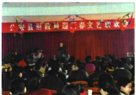
2001年12月，财政局迎新春文艺联欢会在财政办公大楼大会议室举行。
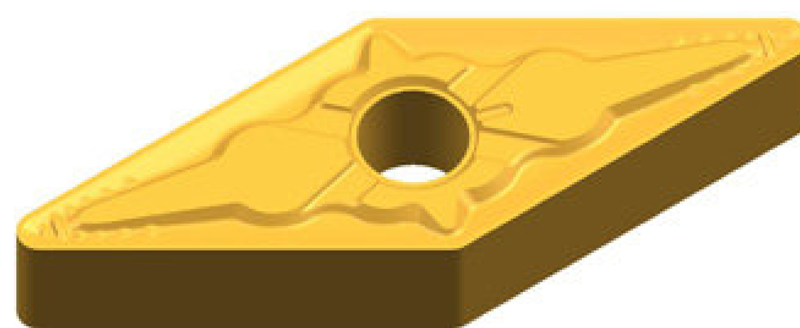
VNMG 1604-QM 17,4 PLN
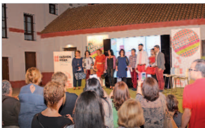
Algunos afortunados disfrutaron de un cambio de look gratuito.
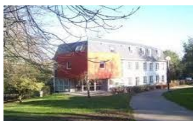
La Villa Cosmao

*EXERCISE REQUIREMENTS*: The pictures in the listing above are to be dropped, and everything else reproduced exactly.

*SOLUTION TO THIS PROBLEM*:
2001年12月，财政局迎新春文艺联欢会在财政办公大楼大会议室举行。
VNMG 1604-QM 17,4 PLN
Algunos afortunados disfrutaron de un cambio de look gratuito.
La Villa Cosmao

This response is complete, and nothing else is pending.